§ **EXERCISE DIRECTIONS**:
Retype the data that follows line by line, exactly, and leave its pictures out.

§ **DATASET EXCERPT**:
╔══

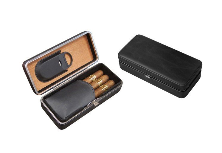 Folding Leather Travel Cigar Case w/ Cutter - Black
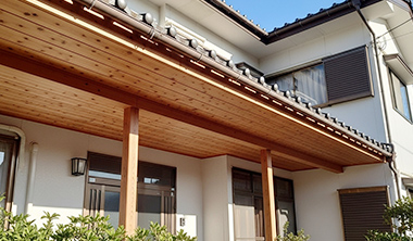 無垢の羽目板の中には水に強く、外部の軒天に使用できる商品もあります!意識して見ることのない軒天ですが、こだわりの素材を使うことで、印象が大きく変わります。中から見ても外から見ても統一感のあるオシャレな空間に仕上げましょう!もちろん室内の壁や天井にも使用できますよ。
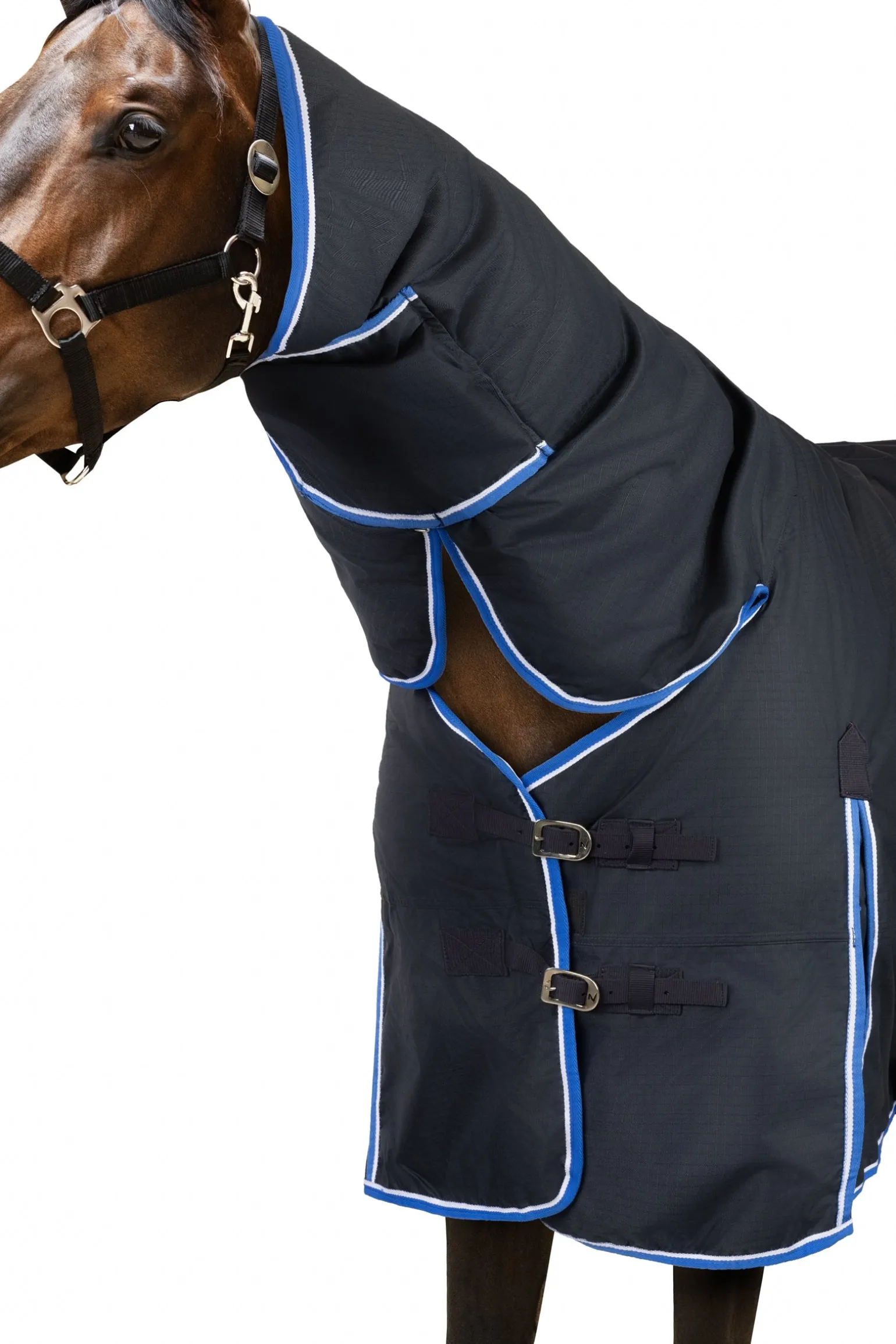 Diese Decke mit Halsteil ist aus wasserdichtem, atmungsaktivem Material gefertigt. Der gute Sitz an Hals und Schultern macht sie bequem und die hohen Gehfalten bieten Bewegungsfreiheit, damit sich dein Pferd austoben kann und nicht eingeschränkt wird. Frontverschlüsse, Kreuzgurte und Beinschnüre halten die Decke sicher an ihrem Platz und verhindern Verrutschen.

╚══

§ **ANSWER FOR THIS EXERCISE**:
 Folding Leather Travel Cigar Case w/ Cutter - Black
 無垢の羽目板の中には水に強く、外部の軒天に使用できる商品もあります!意識して見ることのない軒天ですが、こだわりの素材を使うことで、印象が大きく変わります。中から見ても外から見ても統一感のあるオシャレな空間に仕上げましょう!もちろん室内の壁や天井にも使用できますよ。
 Diese Decke mit Halsteil ist aus wasserdichtem, atmungsaktivem Material gefertigt. Der gute Sitz an Hals und Schultern macht sie bequem und die hohen Gehfalten bieten Bewegungsfreiheit, damit sich dein Pferd austoben kann und nicht eingeschränkt wird. Frontverschlüsse, Kreuzgurte und Beinschnüre halten die Decke sicher an ihrem Platz und verhindern Verrutschen.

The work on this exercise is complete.